Think about what it would be like to have 8,860 wind turbines, each of them nearly twice as tall as the Statue of Liberty, scattered throughout the state. Imagine 1,160 “wave” generators and 60 “tidal” generators, actually sneaking past a coastal commission that ties anything going up near the coast in decades bureaucratic delays. And as for over 15,000 offshore wind turbines, with the requisite undersea foundations and power cables and onshore maintenance facilities. Does anyone think any of these will ever be built, much less 15,000 of them?

California’s energy economy, like that of the world, needs to reject narrow solutions. To produce the economic resilience and fulfill the obligations of a responsible government, California’s Legislature needs to restore an all-of-the-above-approach to energy. It needs to re-embrace natural gas power and explore promising new ways to use it even more efficiently. It needs to approve nuclear power plants using the latest technologies. It needs to consider new sources of hydroelectric power – especially for pump storage on off-stream reservoirs which is one of the most cost effective ways to store surplus renewable power. It needs to weigh the total impact of wind energy taking into account its insufficiently acknowledged environmental, economic, social, and aesthetic cost. And it needs to nurture solar energy development, but not to the exclusion of conventional sources of energy.

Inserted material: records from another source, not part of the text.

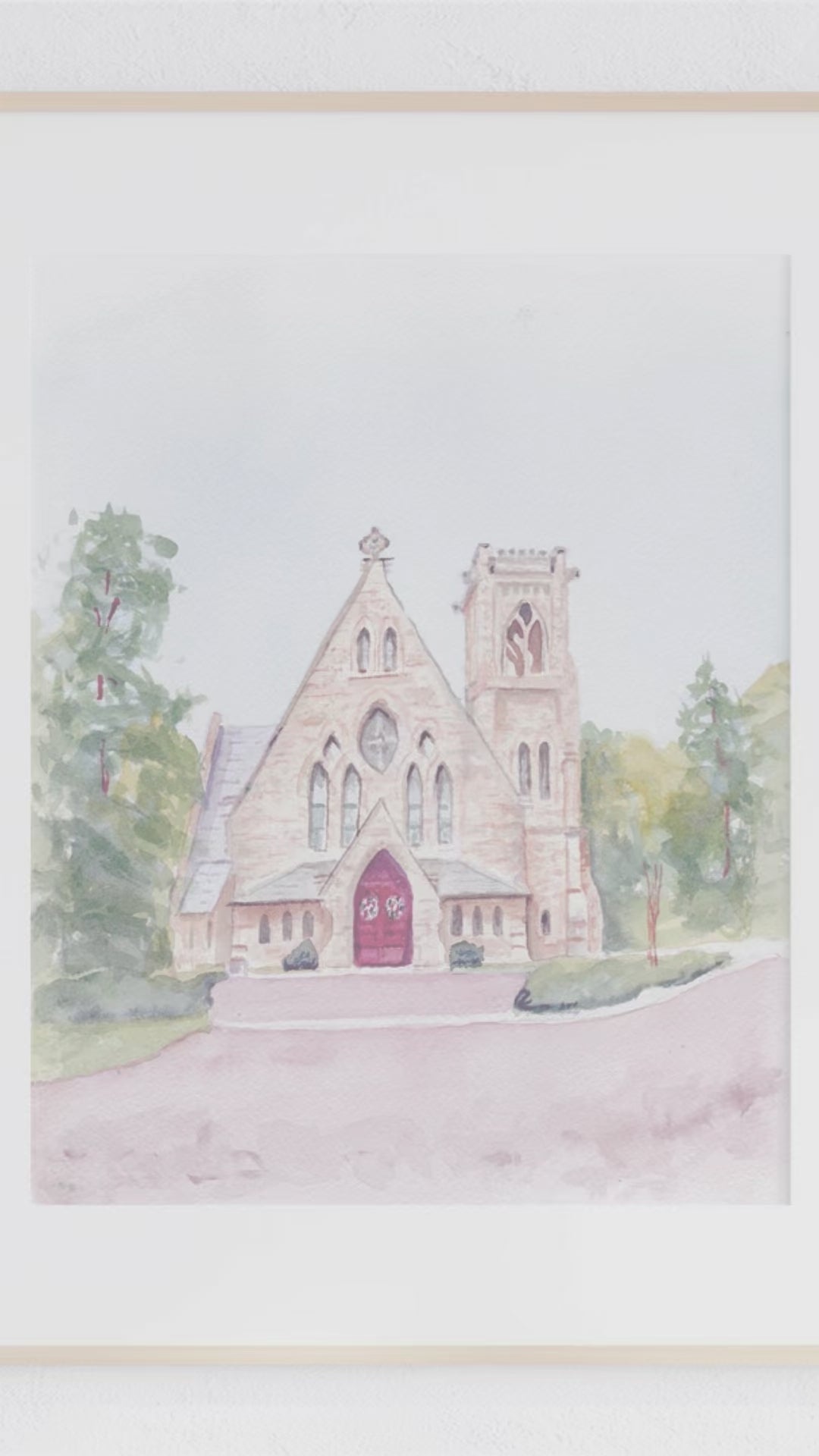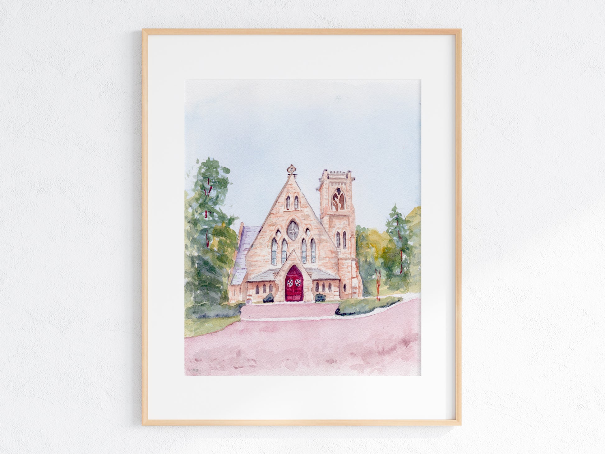 This is an art print of our hand-painted watercolor portrait of The UVA Chapel in Charlottesville, Virginia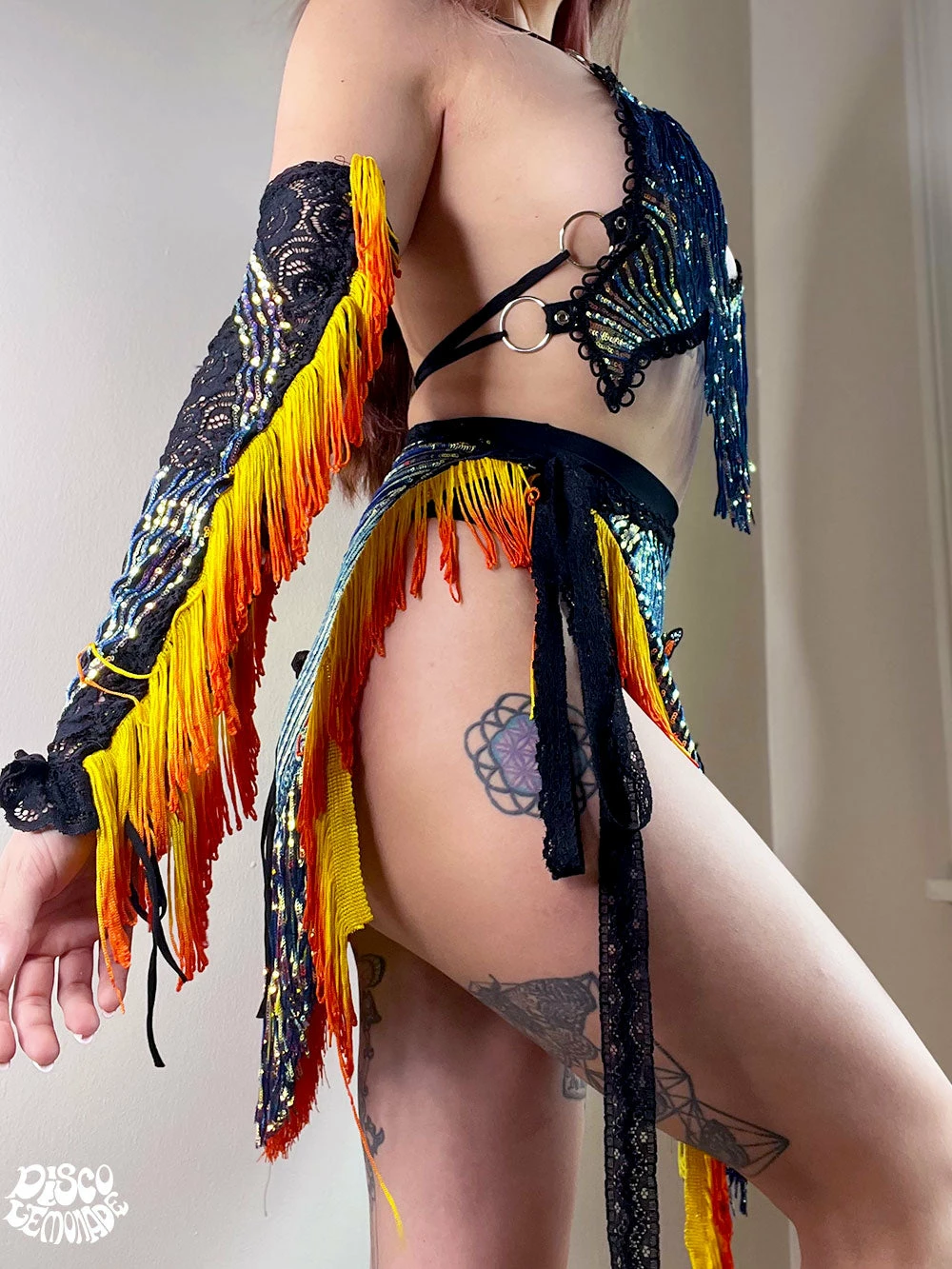 Flame arm bands with ombre orange and yellow fringe.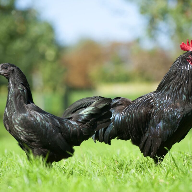 Contrairement à la Coucou de Rennes, la poule noire de Janzé est de petite taille. Elle a un plumage noir donc, avec quelques reflets verts. Elle est originaire de Janzé dans l’Ille-et-Vilaine. Si la race existe encore aujourd’hui, c’est grâce à L’écomusée de Rennes. En effet, la race est reconstituée au fil de croisements suite à un long travail de sélection en amont. Aujourd’hui, la race est connue pour être une prédatrice des frelons asiatiques et autres insectes nuisibles. En effet, la poule de Janzé est assez rustique et sauvage et n’hésite pas à voleter à droite et à gauche pour se nourrir.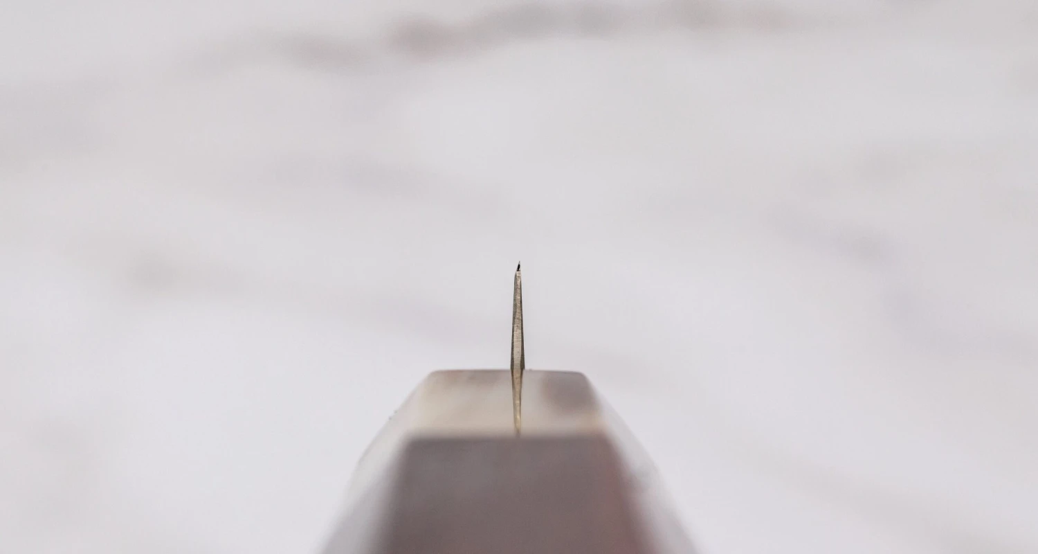 Only one layer of steel is used for the knife to be flexible. When deciding on the steels we wanted to make a knife from, we weigh the characteristics such as hardness, sharpness, ease of maintenance, graininess and ease of sharpening. The biggest challenge was to make the blade flexible enough while keeping the hardness at 62-63 HRC.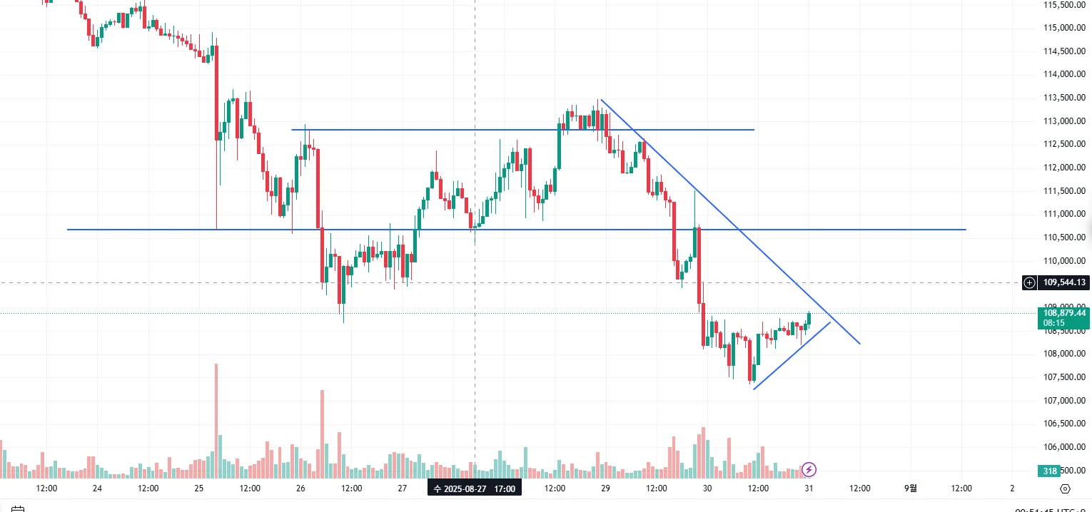 조금 장기적으로 1시간 봉 기준으로 그려보았습니다. 지지 저항, 하락 추세와 약한 상승 추세선을 그려보았는데 이렇게 하는건지, 잘 모르겠지만 일단 보이는대로 그려보았습니다.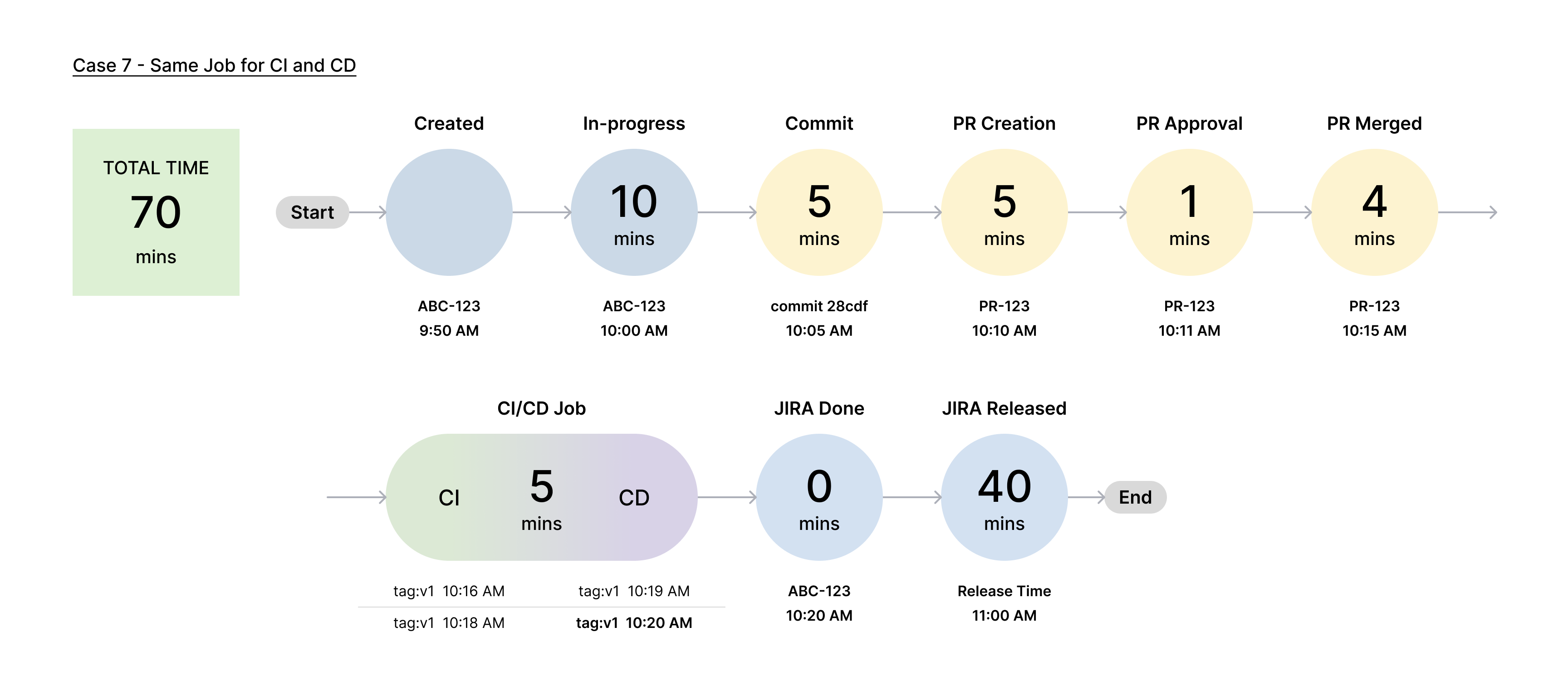 In this case, a single job handles both the CI and CD processes, so the First CI and CD Completion Time stage represents the time taken for this single job to complete both processes. The First Issue Management Done Time is zero because the issue is marked as Done immediately after the CI and CD processes are completed by this single job.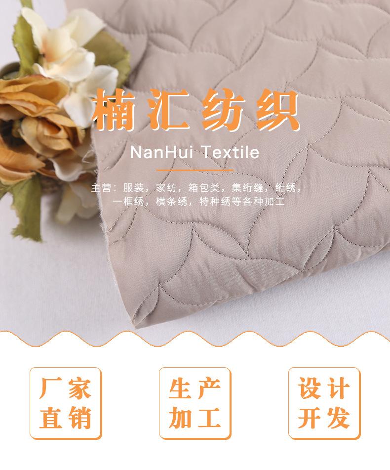 Shaoxing Keqiao Nanhui Textile Co., Ltd. está ubicada junto a la Ciudad Textil de China. Es una empresa dedicada a diversos procesos de confección de prendas de vestir, textiles para el hogar, bolsos, acolchado, bordado acolchado, bordado de un marco, bordado de rayas horizontales, bordado especial, etc. La empresa se adhiere a la filosofía empresarial de "excelente equipo, excelente calidad, excelente servicio, cooperación sincera y desarrollo común", mejorando constantemente el equipo y perfeccionándose. Y puede diseñar y desarrollar según los patrones proporcionados por los clientes para satisfacer las necesidades de los clientes.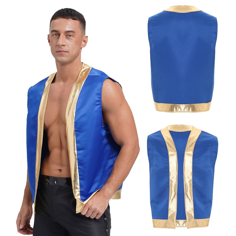 Designed with open front, sleeveless, stylish metallic shiny trim and loose fitting, contrast vest is a perfect costume for cospaly party.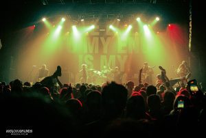 Continuing her set with her catchy song ‘Bad Day’, the crowd sings along every word loudly. Charlotte is the kind of talent who can capture the attention of the entire crowd, no matter whether they are familiar with her music or not yet. She engages with the crowd as much as she can, and her catchy songs and powerful lyrics are hard not to enjoy in a live setting. Midway through her set, Charlotte takes the time to perform two of her songs acoustically, pulling out a binder of her entire discography to help her with that. Here she asks two fans in the crowd to choose a song for her, handing over her binder to them. She is visibly very excited as the first fan-made choice ends up being ‘Phantom Pain’, the song that was her first ever released song back in 2018. ‘Six Feet Under’ is the second choice made, and she mentions that it is one of her favourite songs she has ever written.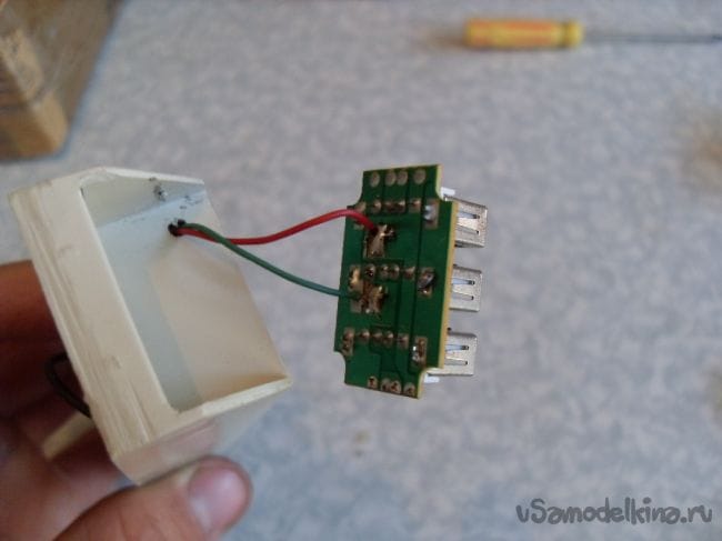 Далее продеваем провода через мелкое отверстие и припаиваем их к USB гнезду. Будьте внимательны, не перепутайте полярность!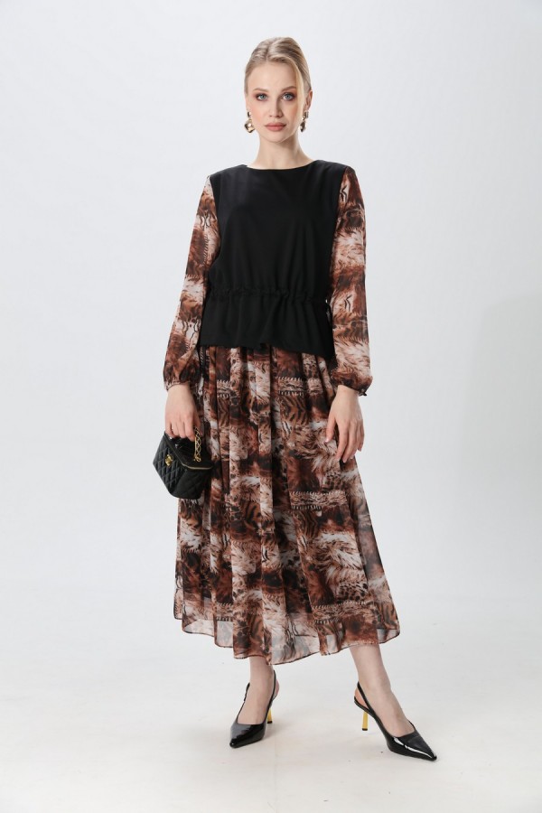 Состав:лиф - 95% хлопок, 5% эластан, трикотаж, рукава и юбка -100% полиэстер, шифон
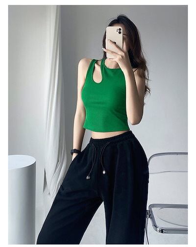 ノースリーブ レディース トップス カットソー プルオーバー タンクトップ ショート丈 袖なし クルーネック 襟なし タイト スリム 細身 肌見せ 大人可愛い きれいめ シンプル カジュアル おしゃれ | gizshop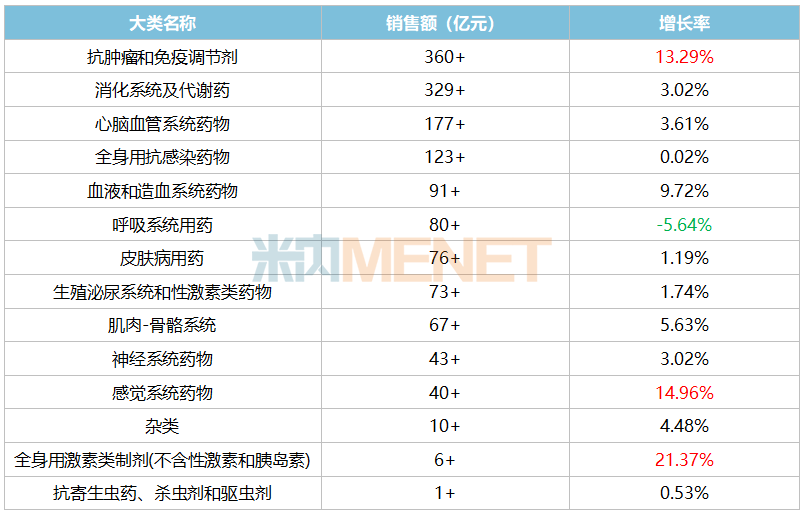 西药市场一路高歌猛进,仅1个大类出现下滑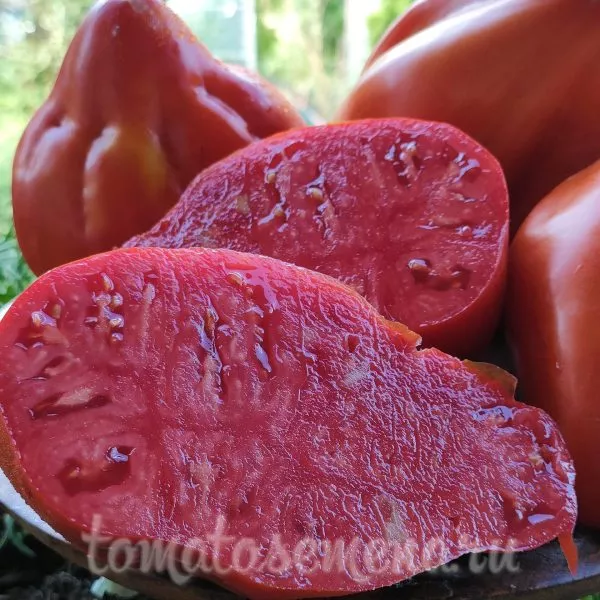 Мякоть у этих томатов многокамерная, очень плотная и мясистая, с высоким содержанием сухих веществ. Семенных камер немного, они небольшие. Такая структура напрямую влияет на вкус и назначение плодов.

It is ridiculous that Californians, living in the wealthiest, most innovative place on earth need to “power down” during precisely the moments in their daily lives when they need to power up. It’s time for California’s policymakers and opinion leaders to acknowledge this, and start acting on behalf of the citizens they serve, instead of special interests and their activist cheerleaders.
California Globe

Wind & solar ‘transition’ delivers the new normal.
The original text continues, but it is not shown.